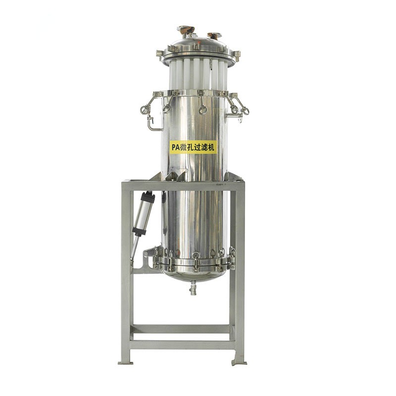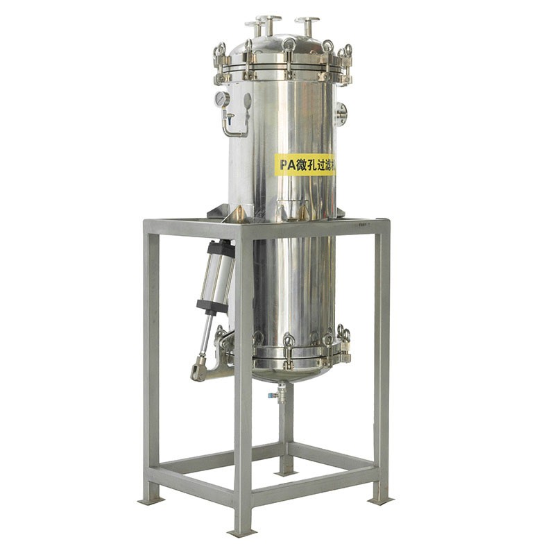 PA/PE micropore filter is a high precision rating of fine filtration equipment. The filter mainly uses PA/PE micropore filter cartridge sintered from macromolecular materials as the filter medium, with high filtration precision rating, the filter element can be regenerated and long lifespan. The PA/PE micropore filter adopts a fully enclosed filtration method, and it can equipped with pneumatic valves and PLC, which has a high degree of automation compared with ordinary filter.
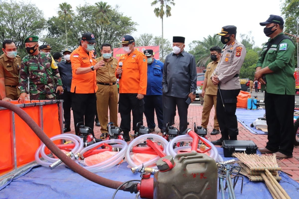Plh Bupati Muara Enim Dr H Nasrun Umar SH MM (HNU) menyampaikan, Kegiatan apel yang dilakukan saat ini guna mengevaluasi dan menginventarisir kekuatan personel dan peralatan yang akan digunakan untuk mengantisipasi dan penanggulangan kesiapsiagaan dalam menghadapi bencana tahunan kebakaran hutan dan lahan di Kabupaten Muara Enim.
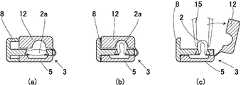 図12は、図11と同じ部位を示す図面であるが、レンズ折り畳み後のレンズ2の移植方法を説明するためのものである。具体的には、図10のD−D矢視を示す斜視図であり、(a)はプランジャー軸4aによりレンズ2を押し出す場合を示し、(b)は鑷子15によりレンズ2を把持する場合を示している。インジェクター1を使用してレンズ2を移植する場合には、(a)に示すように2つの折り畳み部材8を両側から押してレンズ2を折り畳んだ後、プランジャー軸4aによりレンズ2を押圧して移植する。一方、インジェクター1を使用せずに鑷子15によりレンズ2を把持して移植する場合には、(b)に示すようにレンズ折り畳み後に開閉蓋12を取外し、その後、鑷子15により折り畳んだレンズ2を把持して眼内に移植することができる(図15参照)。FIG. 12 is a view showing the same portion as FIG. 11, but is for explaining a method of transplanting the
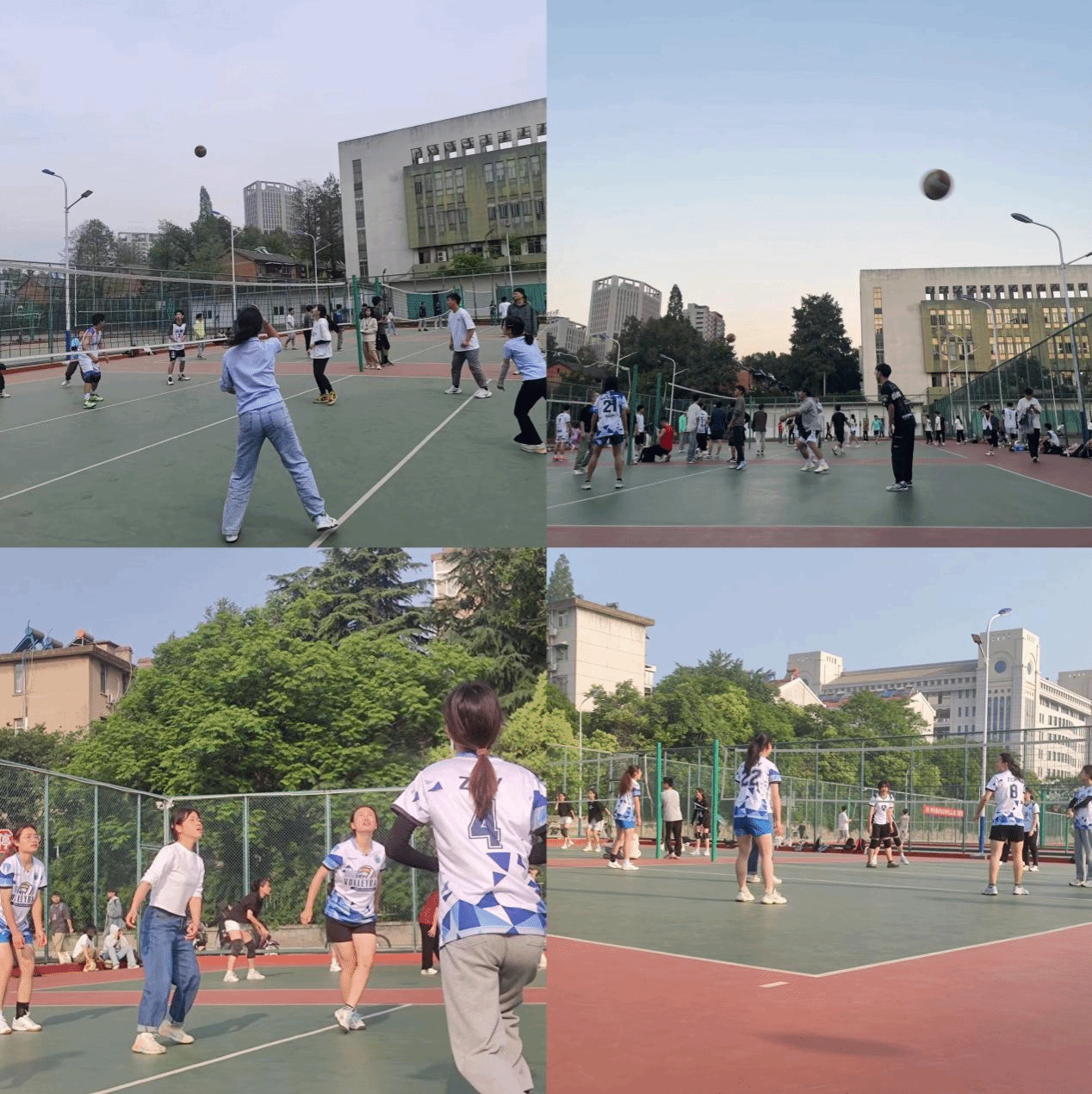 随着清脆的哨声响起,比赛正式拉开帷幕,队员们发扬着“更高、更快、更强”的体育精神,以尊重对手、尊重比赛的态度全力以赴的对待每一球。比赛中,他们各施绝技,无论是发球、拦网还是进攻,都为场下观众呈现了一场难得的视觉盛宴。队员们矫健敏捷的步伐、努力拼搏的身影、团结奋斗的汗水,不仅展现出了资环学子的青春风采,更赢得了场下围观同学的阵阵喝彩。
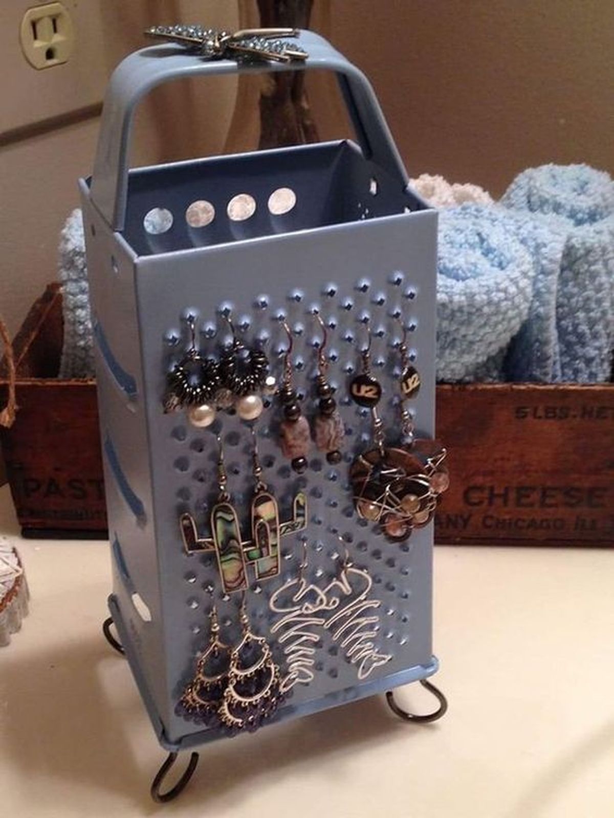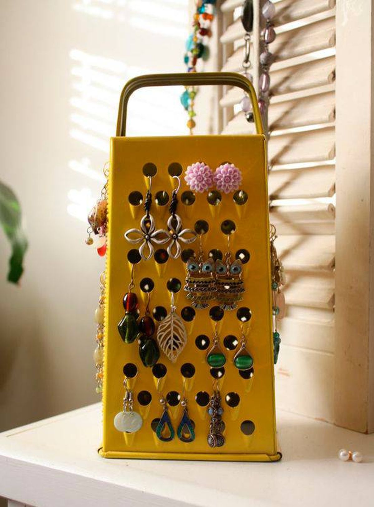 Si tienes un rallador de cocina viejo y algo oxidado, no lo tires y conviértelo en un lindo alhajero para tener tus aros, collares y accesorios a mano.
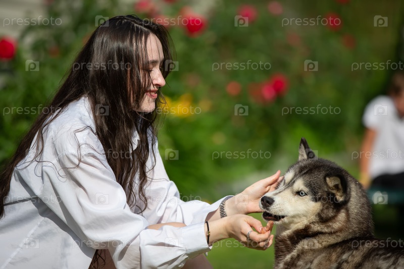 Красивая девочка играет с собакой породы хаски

┄┄┄┄┄┄

◆ **Work task**:
Extract, word for word, each line from the one that contains "Si tienes un" through the final line of the data above. Leave the pictures out.

◆ **Answer for the task**:
 Si tienes un rallador de cocina viejo y algo oxidado, no lo tires y conviértelo en un lindo alhajero para tener tus aros, collares y accesorios a mano.
 Красивая девочка играет с собакой породы хаски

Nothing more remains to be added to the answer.